■ **Records shown**:

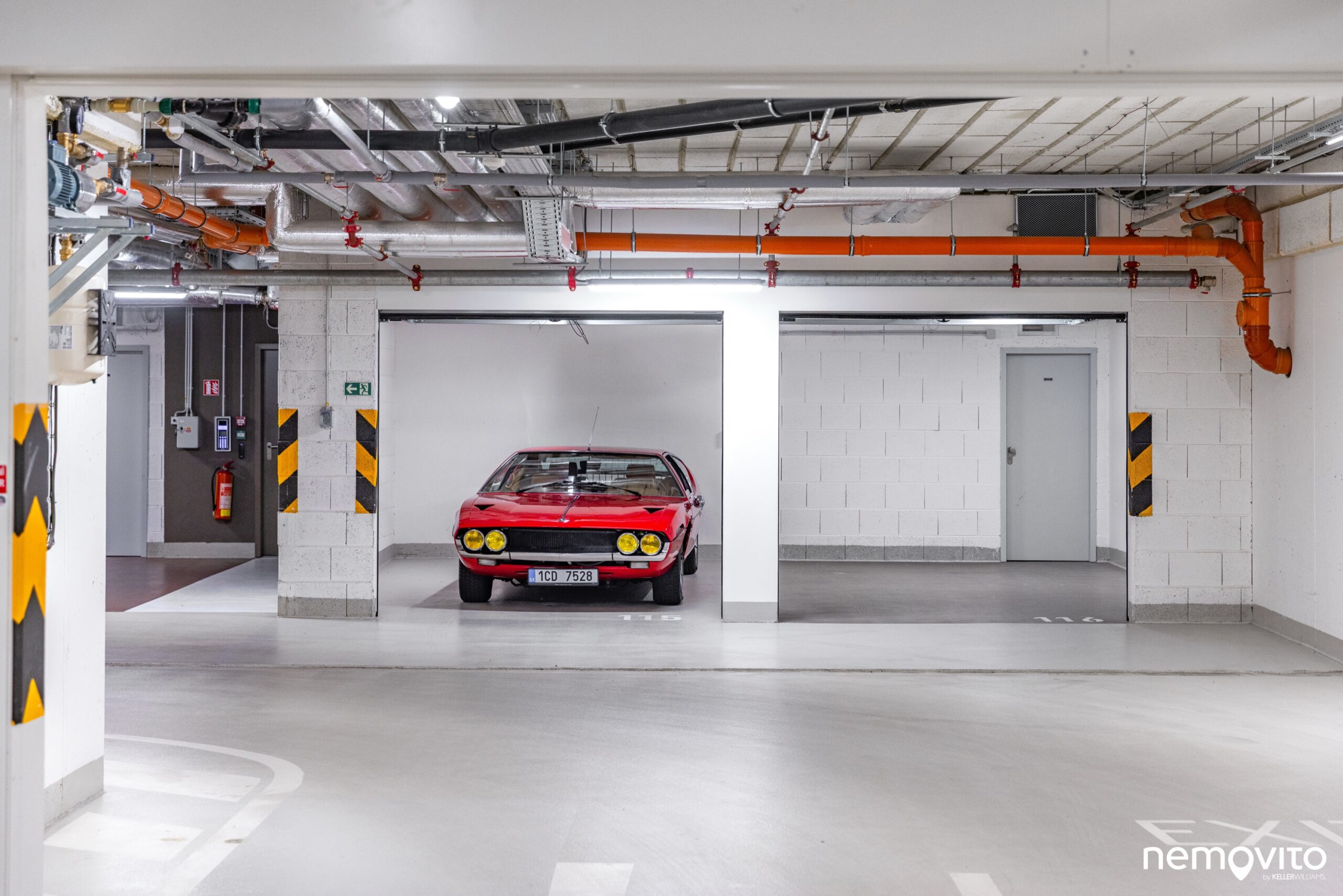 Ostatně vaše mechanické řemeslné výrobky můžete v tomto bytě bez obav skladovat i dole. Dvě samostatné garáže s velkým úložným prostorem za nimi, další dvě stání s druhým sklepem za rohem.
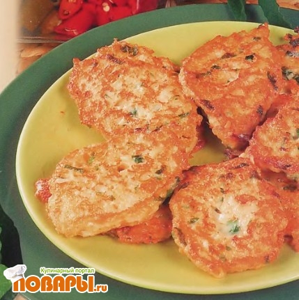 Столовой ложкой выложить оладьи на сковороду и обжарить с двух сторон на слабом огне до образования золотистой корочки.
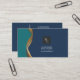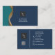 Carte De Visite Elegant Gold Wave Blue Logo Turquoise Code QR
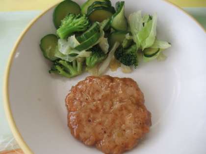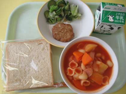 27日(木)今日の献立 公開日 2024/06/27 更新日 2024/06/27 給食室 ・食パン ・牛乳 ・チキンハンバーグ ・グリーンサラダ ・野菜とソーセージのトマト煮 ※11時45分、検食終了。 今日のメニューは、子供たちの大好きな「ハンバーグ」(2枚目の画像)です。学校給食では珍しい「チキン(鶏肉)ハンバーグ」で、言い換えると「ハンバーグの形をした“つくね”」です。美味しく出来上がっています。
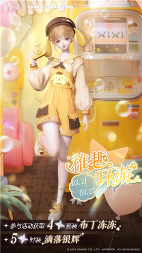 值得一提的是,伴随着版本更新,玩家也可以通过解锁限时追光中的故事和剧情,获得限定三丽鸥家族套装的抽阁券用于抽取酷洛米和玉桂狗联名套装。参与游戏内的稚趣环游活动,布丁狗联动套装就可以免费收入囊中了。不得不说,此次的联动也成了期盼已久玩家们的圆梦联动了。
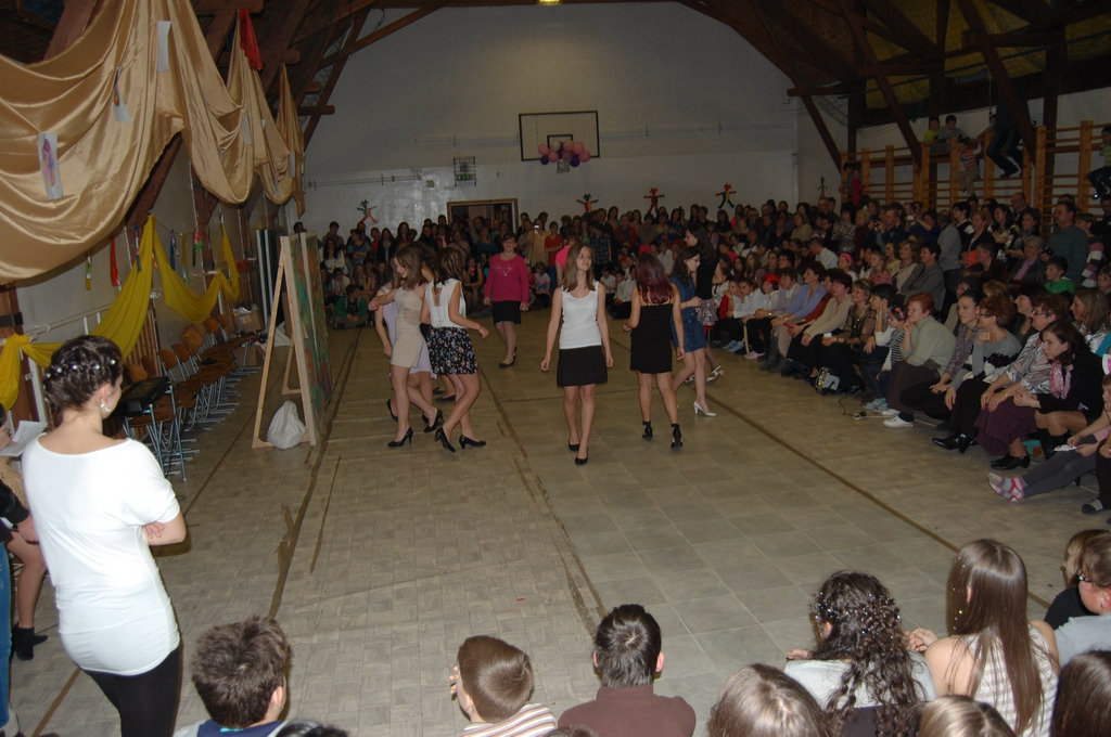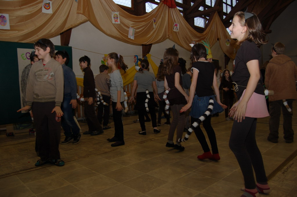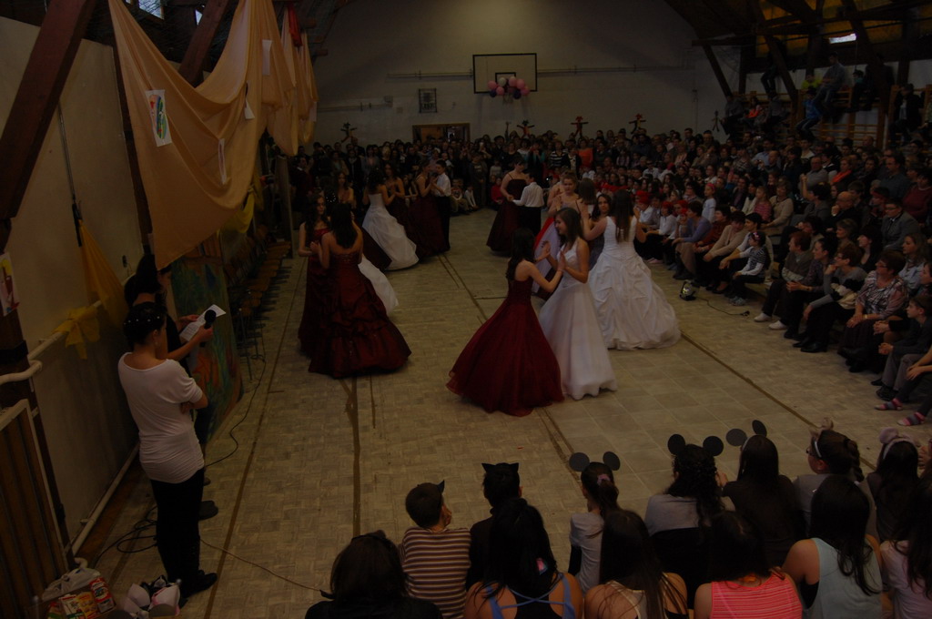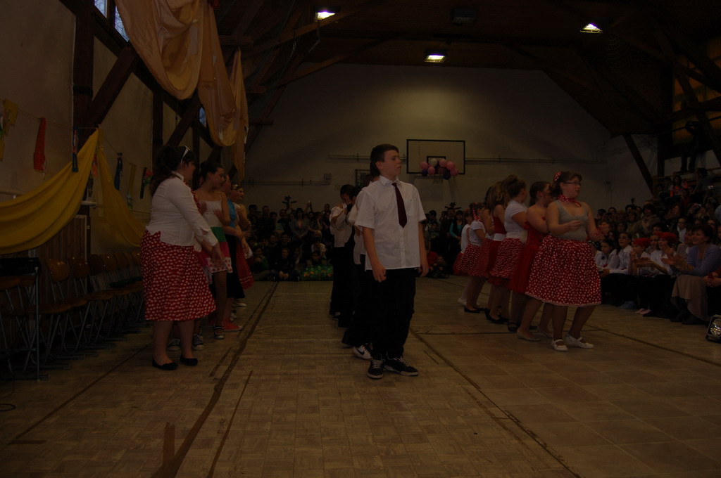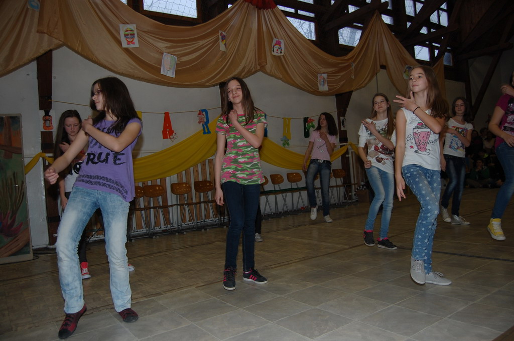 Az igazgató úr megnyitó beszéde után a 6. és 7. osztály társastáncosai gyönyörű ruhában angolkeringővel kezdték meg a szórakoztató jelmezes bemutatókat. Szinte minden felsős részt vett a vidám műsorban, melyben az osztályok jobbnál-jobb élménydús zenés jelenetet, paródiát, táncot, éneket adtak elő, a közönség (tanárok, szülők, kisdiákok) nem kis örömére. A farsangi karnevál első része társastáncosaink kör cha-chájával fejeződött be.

■ **Exercise objective**: Without the pictures, give again exactly the lines above starting at the line containing "Столовой ложкой выложить" and ending at the line containing "27日(木)今日の献立 公開日 2024/06/27".

■ **Exercise solution**:
 Столовой ложкой выложить оладьи на сковороду и обжарить с двух сторон на слабом огне до образования золотистой корочки.
 Carte De Visite Elegant Gold Wave Blue Logo Turquoise Code QR
 27日(木)今日の献立 公開日 2024/06/27 更新日 2024/06/27 給食室 ・食パン ・牛乳 ・チキンハンバーグ ・グリーンサラダ ・野菜とソーセージのトマト煮 ※11時45分、検食終了。 今日のメニューは、子供たちの大好きな「ハンバーグ」(2枚目の画像)です。学校給食では珍しい「チキン(鶏肉)ハンバーグ」で、言い換えると「ハンバーグの形をした“つくね”」です。美味しく出来上がっています。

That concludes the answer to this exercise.